Chapitre 1 : LES RELATIONS ROUMANO-SUISSES DANS L’EUROPE ANCIENNE

B. L’historiographie des relations roumano-suisses

1.3. L’établissement des relations diplomatiques roumano-suisses (1911)

Comme l’empire austro-hongrois et la Porte ottomane avaient limité la reconnaissance de l’unification des deux Principautés roumaines au règne d’Alexandre Jean Cuza, l’idée apparut d’amener un prince de l’Europe occidentale afin d’assurer la continuité de l’Etat roumain.

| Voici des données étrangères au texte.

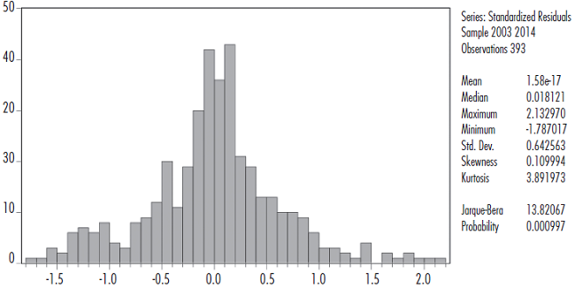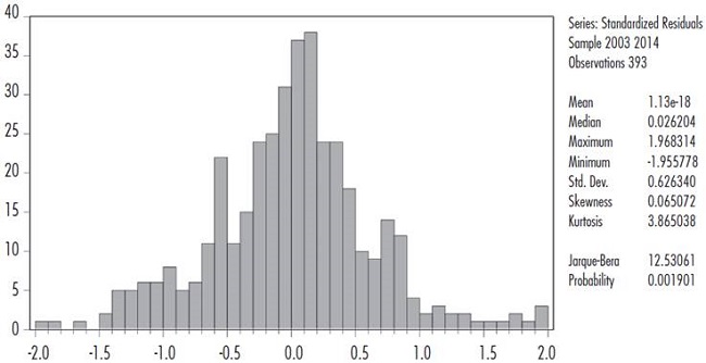 Los residuos del primer modelo están distribuidos de manera normal, con una media muy cercana a cero, una asimetría también muy cercana a cero (0.10) y una curtosis con un valor muy cercano a tres, ello a pesar de que el valor de la probabilidad del estadístico Jaruque-Bera es menor a 0.05 (es decir, según este estadístico no se debe aceptar la hipótesis nula de que los errores se distribuyen de manera normal, a un nivel de confianza del 95%) (véase gráfica 2).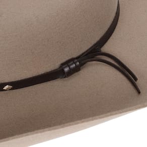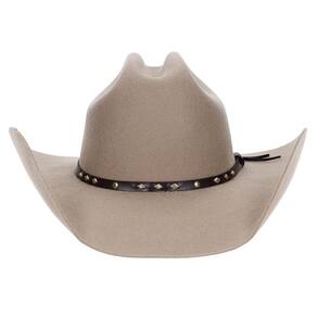 Chapéu Pralana modelo Arizona III, fabricado em Feltro 100% Lã cor Bege, repelente a água, aba de 10cm e copa de 11cm, banda em couro sintético com detalhes em rebites e carneira de recouro.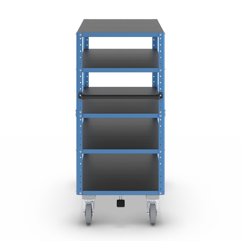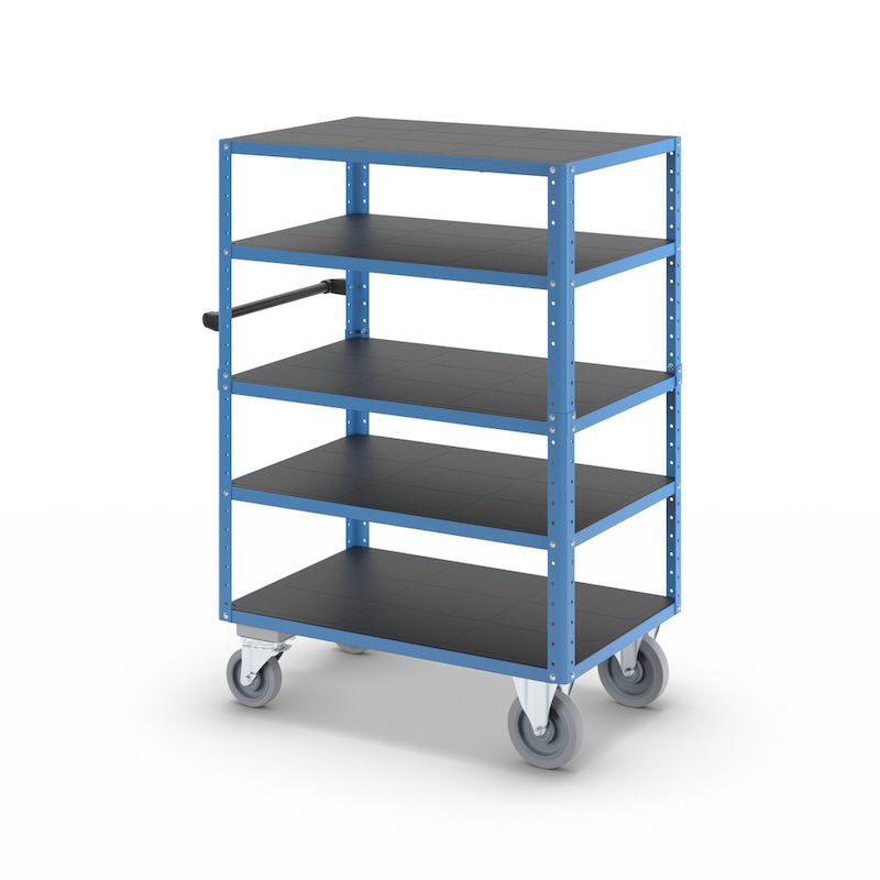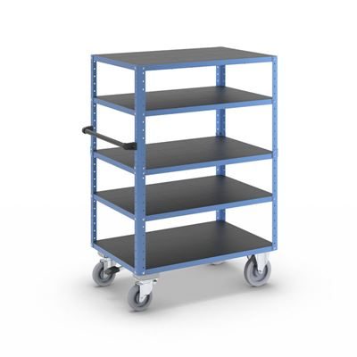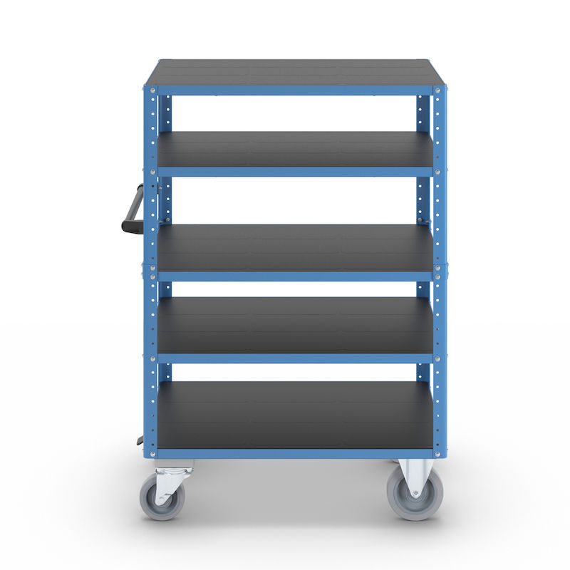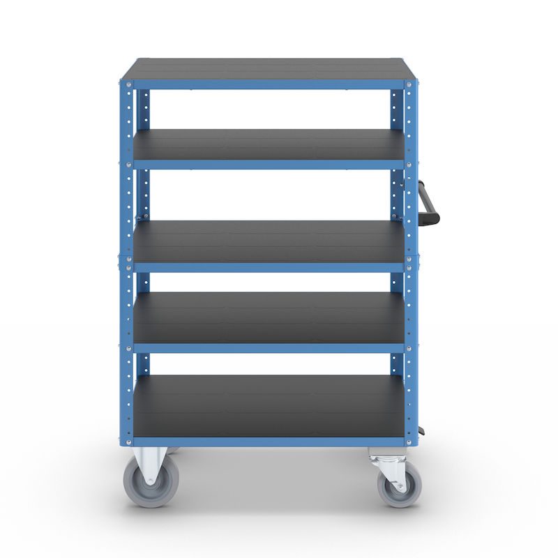 BeskrivningHyllvagn CustomLine, 5 hyllor, med centralbroms, ljusblå RAL 5012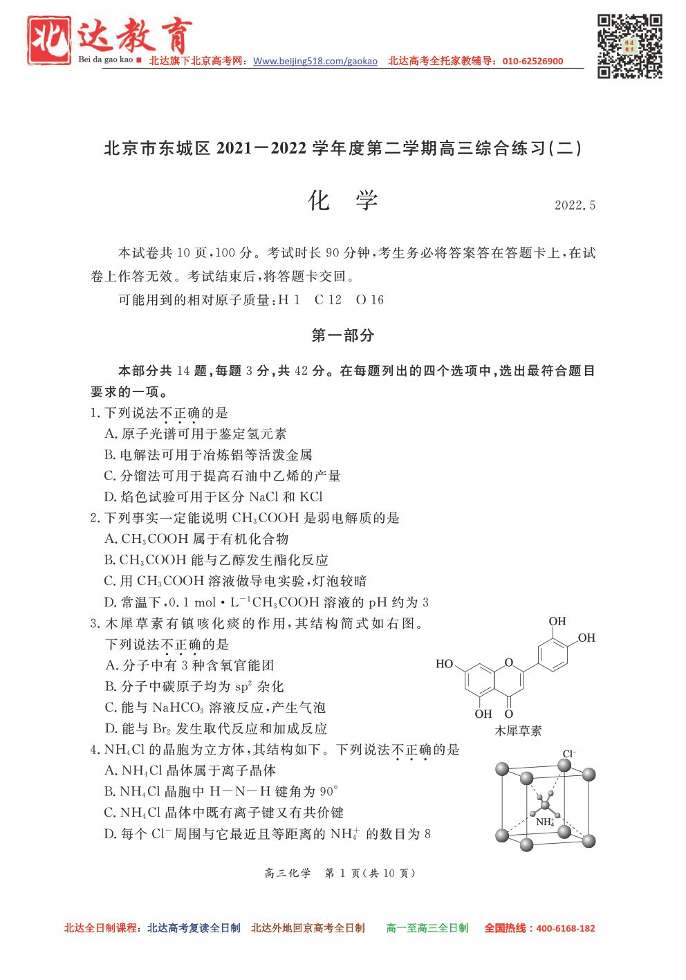 首页 高三资料 北京东城2021-2022学年高三二模化学试题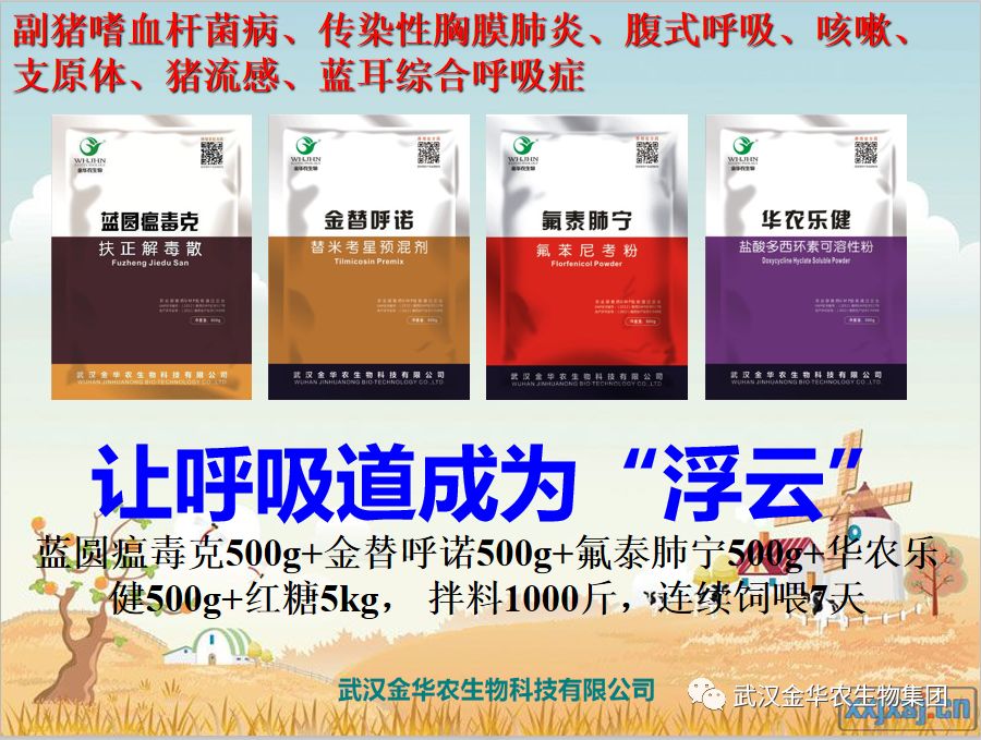 藍圓瘟毒克500 g+金替呼諾500g+氟泰肺寧500g+華農樂500g+紅糖5kg,拌料1000斤,連續飼喂7天,對各種病毒細菌性呼吸道,效果明顯。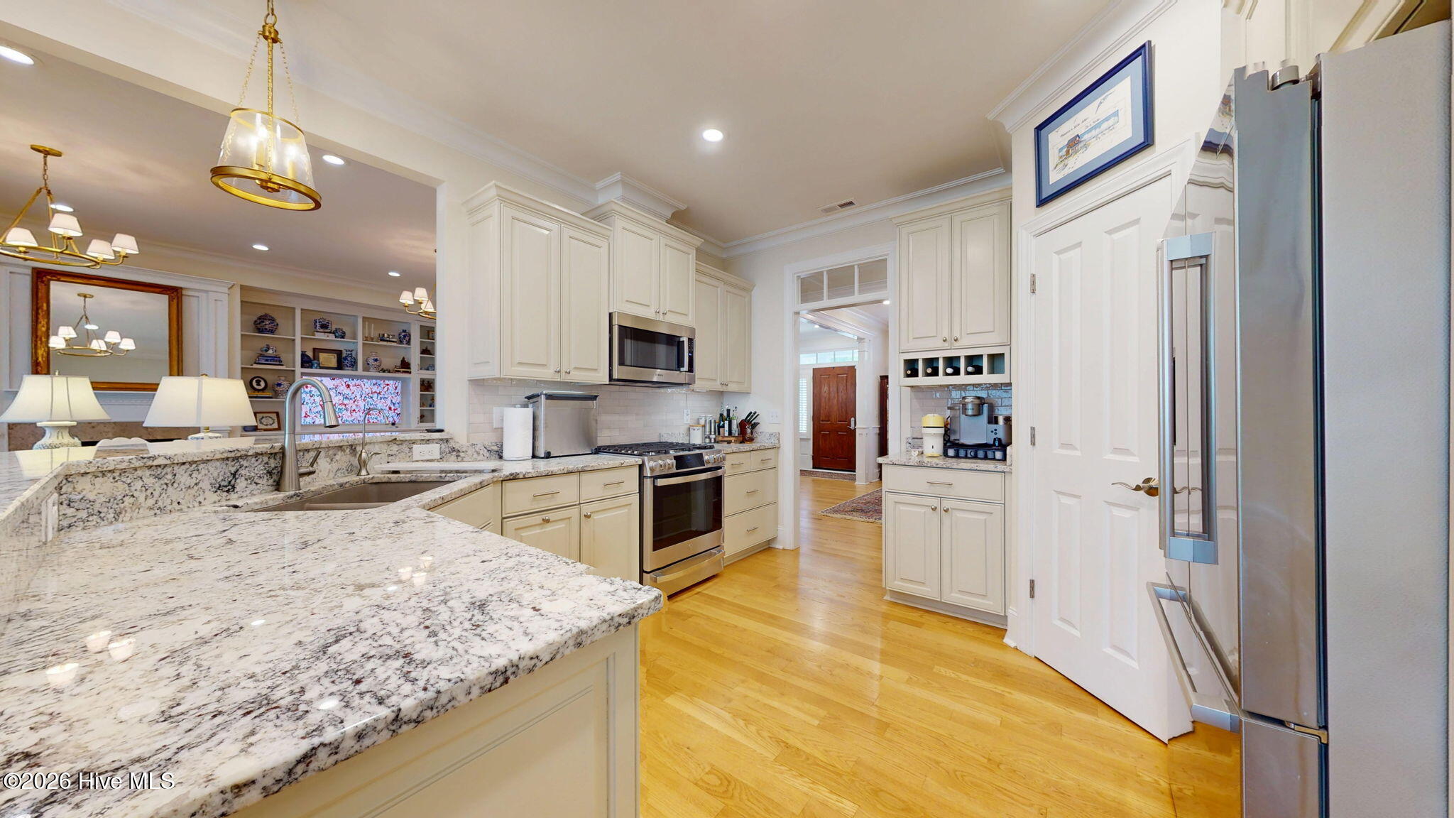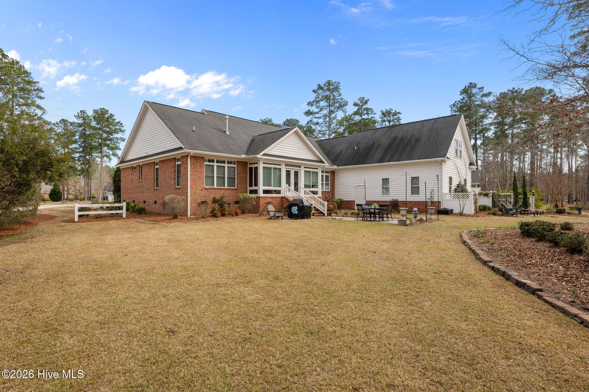 Tucked away at the end of a quiet cul-de-sac, this custom-built home offers beautiful views of the 11th fairway and a thoughtfully designed open floor plan. The split-bedroom layout provides privacy, with a spacious primary suite on the right wing and guest bedrooms on the left, connected by a full bath. Designed for both everyday living and entertaining, the home features a formal dining room and a dedicated study complete with French doors and elegant wainscoting. Wood flooring runs throughout the main living areas, adding warmth and character. This home also features a osmotic water house system and epoxied garage floor. The expansive kitchen is a standout, showcasing granite countertops, stainless steel appliances, a gas stove, and a cozy breakfast nook--perfect for enjoying morning coffee while taking in the golf course views. Recent upgrades enhance the home's appeal, including fresh interior paint throughout, newly stained hardwood floors, updated lighting in the kitchen and dining room and updated cabinet hardware in both the kitchen and living room. With scenic views from multiple rooms and true move-in ready condition, this home combines comfort, style, and an exceptional location. Residents enjoy exceptional amenities, including sidewalks and bike lanes, a fitness center, pool, tennis and pickleball courts, and a pavilion with an on-site restaurant. Optional golf membership also available. The community offers over 30 clubs and social groups, fostering an active and welcoming lifestyle. Cable TV and fiber internet are included through the HOA.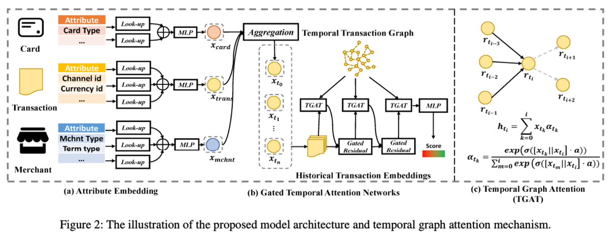 - 저자는 1. 이종 데이터 결합, 2. 시계열 그래프, 3. 위험도 임베딩 세 가지를 구현하여 그래프 딥러닝에 적용해줍니다. 먼저, 이종 데이터 결합은 각각의 이종 데이터(카드, 거래, 상점)의 특성들을 lookup-table(torch.nn.embedding)으로 매핑해줍니다. 이후, MLP(다중 레이어 퍼셉트론) 레이어를 활용해 각 특성들을 종합해 카드, 거래, 상점의 고유 난수를 만든 뒤, 그 난수들을 aggregation 해줌으로써 "언제, 무슨 카드를 활용해 무슨 상점에서"라는 맥락을 지닌 시계열 노드로 만들어줍니다.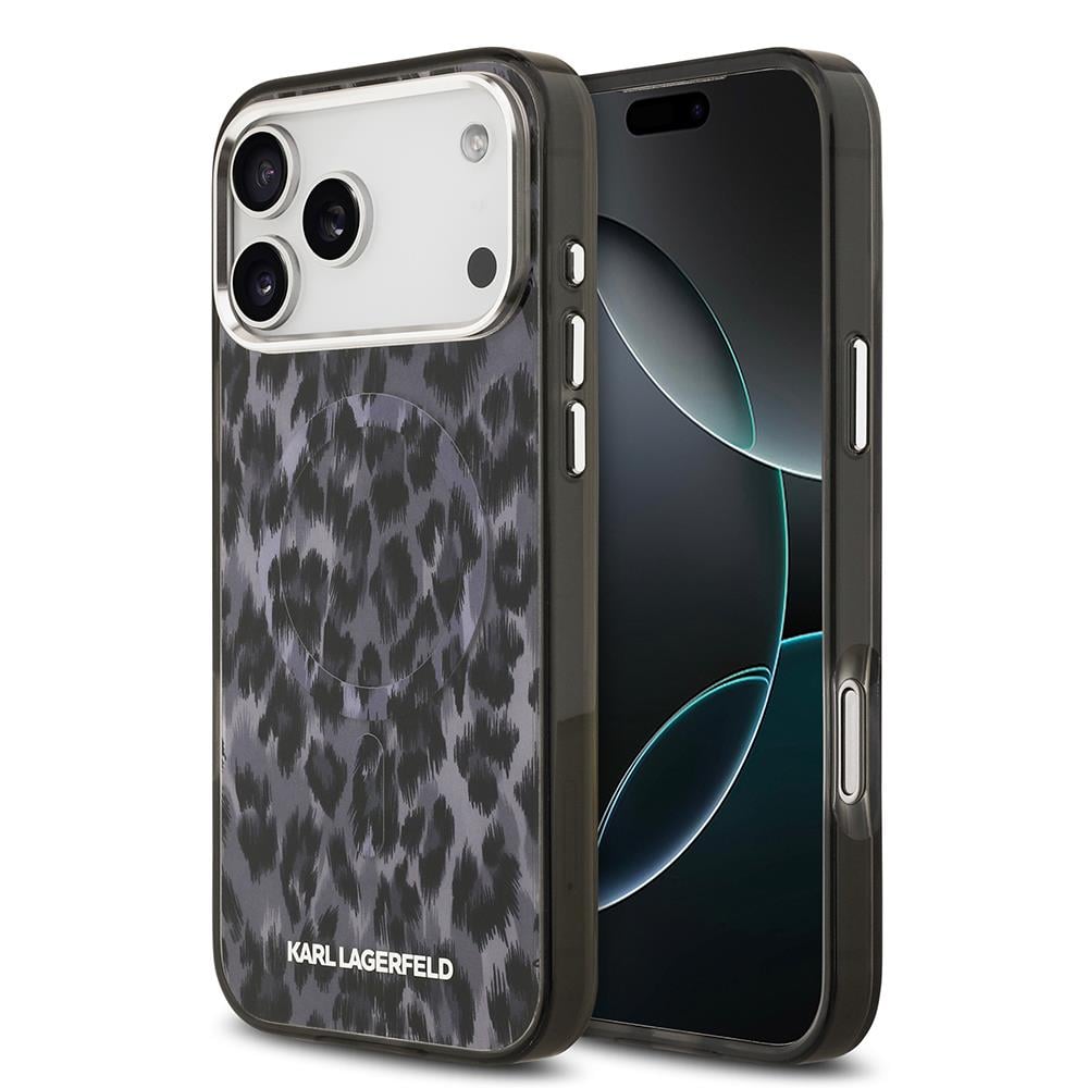 Apple iPhone 17 Pro Max Kılıf Karl Lagerfeld Orjinal Lisanslı M-safe Şarj Özellikli IML Leopar Baskılı Kapak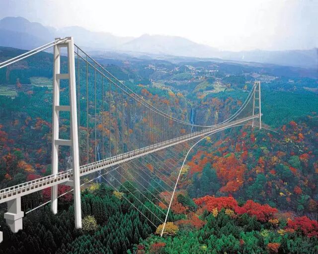 九重梦大吊桥长390米,高173米,是日本最长和最高的人行吊桥。站在桥上可以领略“日本瀑布百选”的“震动之瀑布”雄伟壮阔,还能远眺远方的火山。流淌于脚下的九醉溪则在阳光下泛着层层金鳞,通透清新。当地人用14年时间建了这座观光人行吊桥,并给它起名为“梦”,可见他们是希望这里的四季美景能经由这座“梦之桥”分享给更多人。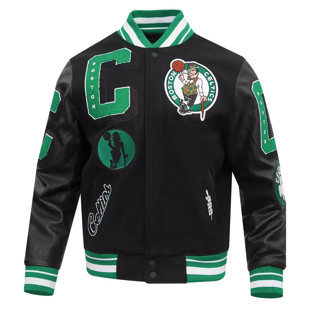 Celebrate every era of Celtics pride with the Pro Standard Men's NBA Boston Celtics Mashup Rib Wool Varsity Jacket -Black/Green. Its bold mashup artwork brings vintage and modern team details together for standout style on game day and beyond.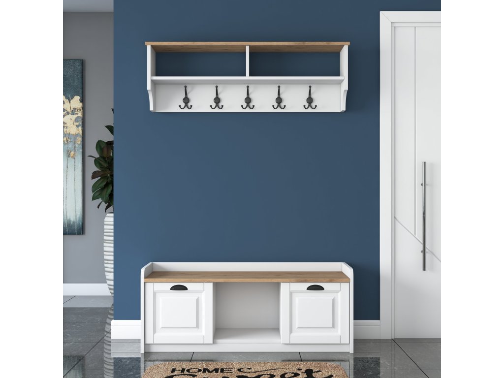 Moderní a funkční řešení pro organizaci vaší předsíně. Kombinuje úložný prostor na obuv a zavěšení oděvů v elegantním designu bílé a ořechové barvy.

Après des tâtonnements officieux et diplomatiques, en 1866, la couronne des Principautés roumaines revint au prince Carol Ier, issu d’une grande famille aristocratique allemande, les Hohenzollern-Sigmaringen. A cause de l’éclatement du conflit austro-prussien, le futur roi de Roumanie avait dû voyager en cachette, avec un passeport suisse. Depuis, il considérait la Suisse comme le « berceau » de sa famille. La famille royale de Roumanie avait aussi des intérêts dans le canton de Saint-Gall où elle était propriétaire d’un château.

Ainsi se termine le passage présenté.